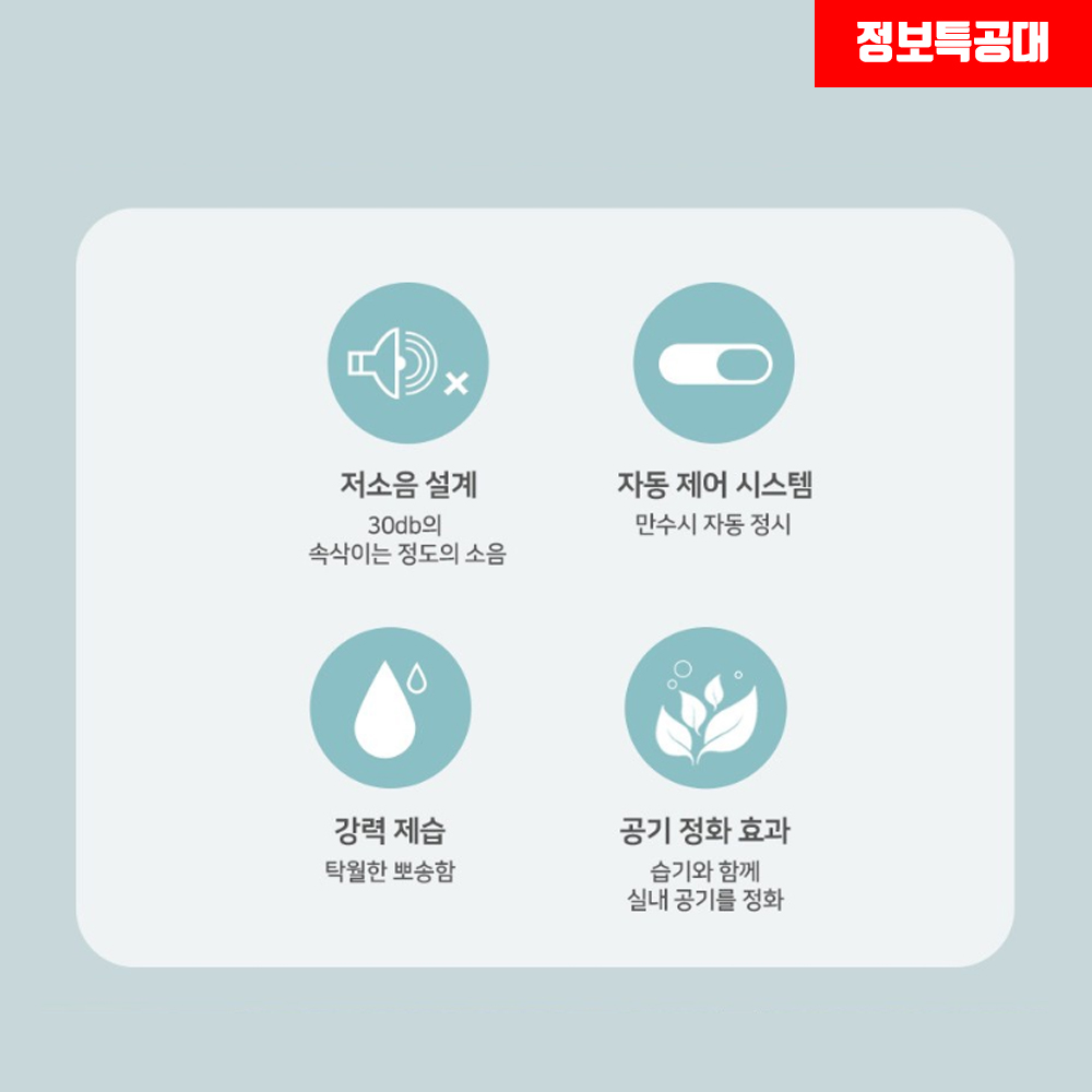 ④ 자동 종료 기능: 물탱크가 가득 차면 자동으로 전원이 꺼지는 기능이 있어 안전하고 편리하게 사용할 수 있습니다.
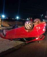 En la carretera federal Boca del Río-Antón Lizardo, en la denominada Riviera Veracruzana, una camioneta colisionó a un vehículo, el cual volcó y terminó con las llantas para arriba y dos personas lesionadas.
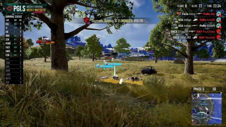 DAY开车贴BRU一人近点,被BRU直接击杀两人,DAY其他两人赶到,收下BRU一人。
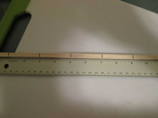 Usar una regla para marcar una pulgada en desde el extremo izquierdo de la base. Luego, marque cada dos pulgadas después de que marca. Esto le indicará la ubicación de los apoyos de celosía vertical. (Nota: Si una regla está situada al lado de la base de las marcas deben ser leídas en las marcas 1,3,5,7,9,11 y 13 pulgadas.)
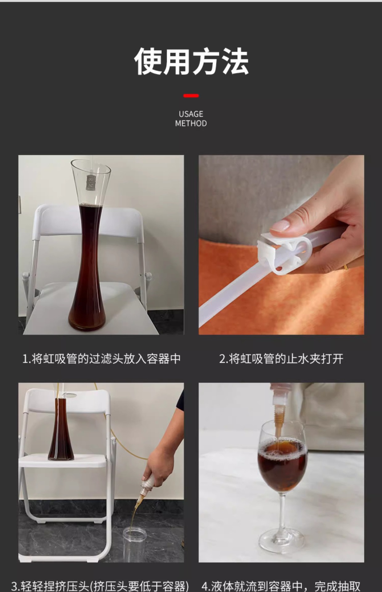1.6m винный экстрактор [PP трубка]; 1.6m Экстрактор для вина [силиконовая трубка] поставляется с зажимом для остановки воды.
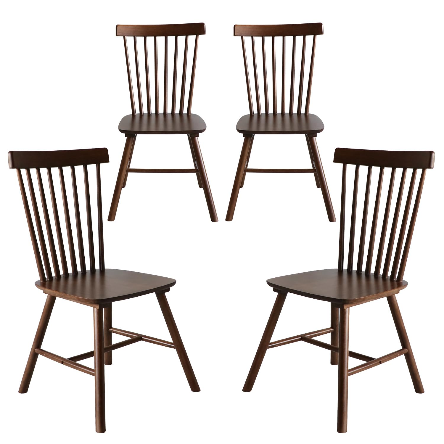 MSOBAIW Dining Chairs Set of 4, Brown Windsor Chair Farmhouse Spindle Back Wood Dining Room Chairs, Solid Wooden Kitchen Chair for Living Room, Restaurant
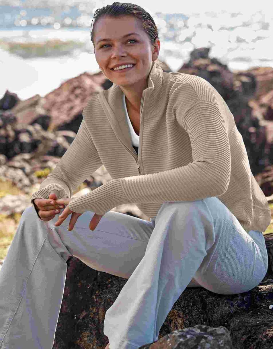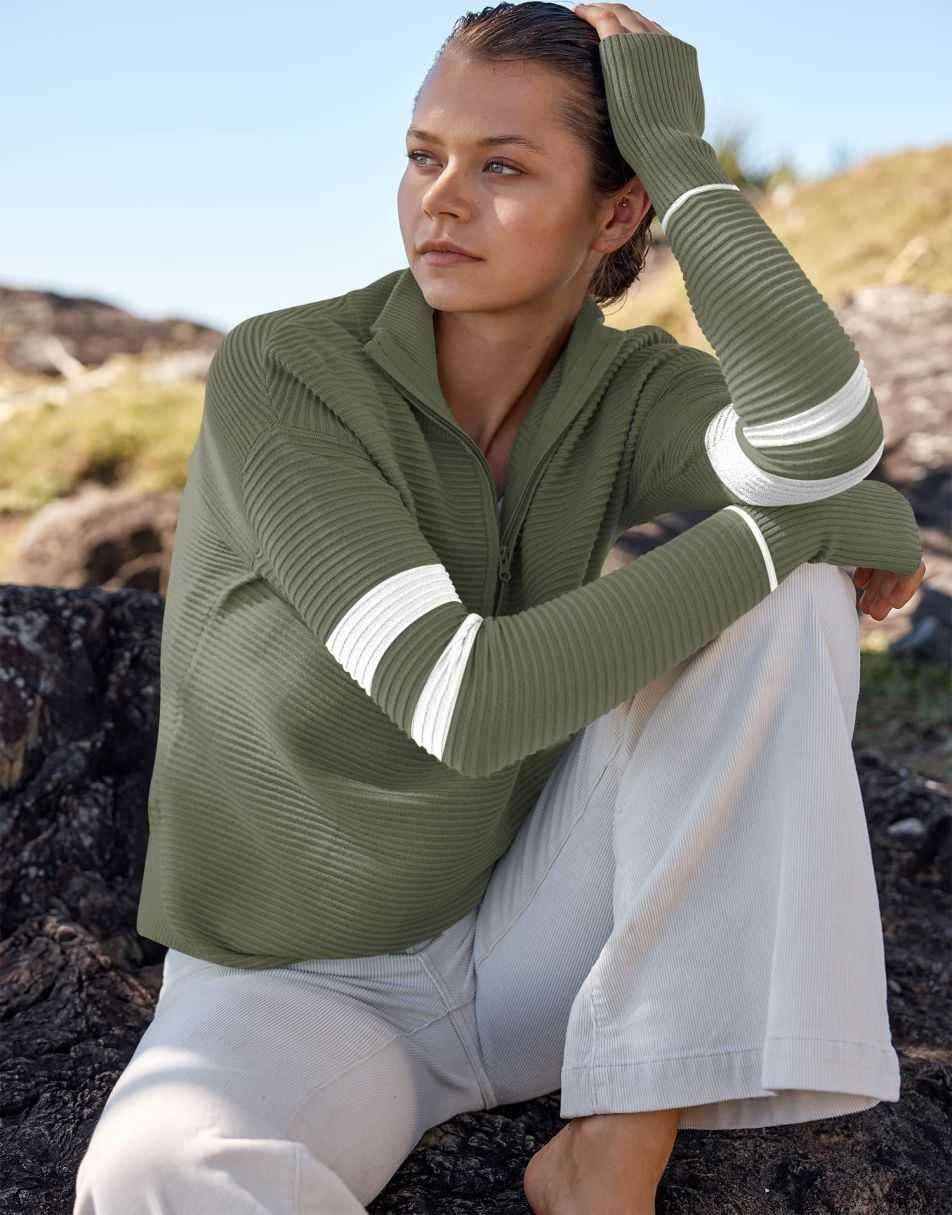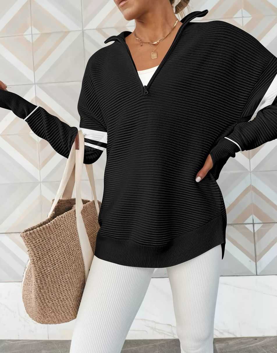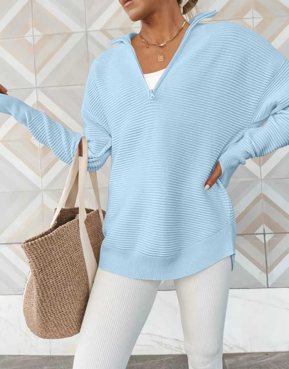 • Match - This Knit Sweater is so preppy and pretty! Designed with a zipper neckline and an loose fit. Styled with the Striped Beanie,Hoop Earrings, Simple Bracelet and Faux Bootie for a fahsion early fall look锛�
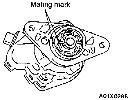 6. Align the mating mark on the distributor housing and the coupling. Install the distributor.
=-=-=-=-=
* **The problem**: The copy should start at the line that contains "En la carretera", end at the last line of the entries above, and match each line exactly, with pictures dropped.

* **Result of this task**:
 En la carretera federal Boca del Río-Antón Lizardo, en la denominada Riviera Veracruzana, una camioneta colisionó a un vehículo, el cual volcó y terminó con las llantas para arriba y dos personas lesionadas.
 DAY开车贴BRU一人近点,被BRU直接击杀两人,DAY其他两人赶到,收下BRU一人。
 Usar una regla para marcar una pulgada en desde el extremo izquierdo de la base. Luego, marque cada dos pulgadas después de que marca. Esto le indicará la ubicación de los apoyos de celosía vertical. (Nota: Si una regla está situada al lado de la base de las marcas deben ser leídas en las marcas 1,3,5,7,9,11 y 13 pulgadas.)
1.6m винный экстрактор [PP трубка]; 1.6m Экстрактор для вина [силиконовая трубка] поставляется с зажимом для остановки воды.
 MSOBAIW Dining Chairs Set of 4, Brown Windsor Chair Farmhouse Spindle Back Wood Dining Room Chairs, Solid Wooden Kitchen Chair for Living Room, Restaurant
 • Match - This Knit Sweater is so preppy and pretty! Designed with a zipper neckline and an loose fit. Styled with the Striped Beanie,Hoop Earrings, Simple Bracelet and Faux Bootie for a fahsion early fall look锛�
 6. Align the mating mark on the distributor housing and the coupling. Install the distributor.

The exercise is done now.